Riding a string of improved earnings, Gap (NYSE: GPS) said Wednesday (April 17) that it will franchise its Old Navy brand in various international markets, including China.
"Gap Inc. is determined to build upon its product and revenue momentum in 2012, which was achieved as we focused on becoming the world's favorite for American style," said Gap CEO Glenn Murphy. "There is meaningful opportunity for our diverse portfolio of brands to gain share in the $1.4 trillion global apparel market."
Gap said it would start to franchise Old Navy next year "in key international markets. Additionally, (Gap) will consider building upon its success with Gap in China by exploring adding company-operated Old Navy and Banana Republic stores to this important market."

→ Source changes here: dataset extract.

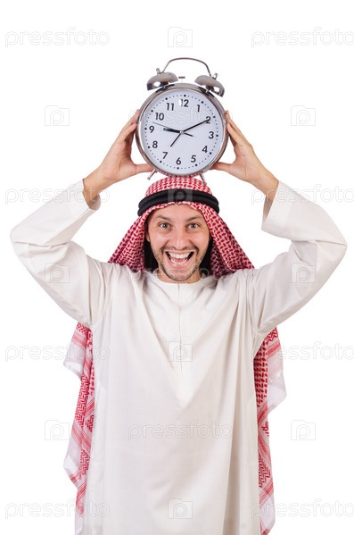 Араб в концепции времени на белом фоне

Interestingly, Gap added the all-but-obligatory throwaway reference to merged channel tactics, saying that it would do more than just have bricks-and-mortars operate on their own. As long as they were sharing the blindingly obvious, perhaps they should have said they intend to accept local currency and offer clothes in different colors.
Here is how they phrased their buzzword-laden merged channel intent: "In addition to Gap Inc.'s competitive advantage given its multiple brand, channel and geography model, the company plans to build upon its online success by delivering an industry-leading omni-channel platform for consumers as the retail landscape continues to merge online and brick-and-mortar shopping experiences. This end-to-end system, which includes capabilities such as ship-from-store, find-in-store and reserve-in-store, is designed to leverage Gap Inc. channels and resources to drive store traffic and conversion, while meeting the needs of customers who increasingly demand an integrated shopping experience."
It's good to know that they'll also be exporting meaningless marketing jargon overseas. It Gap wants to actually deliver some merged channel capabilities that are not already offered by every other major retailer, then that would be worth a news release.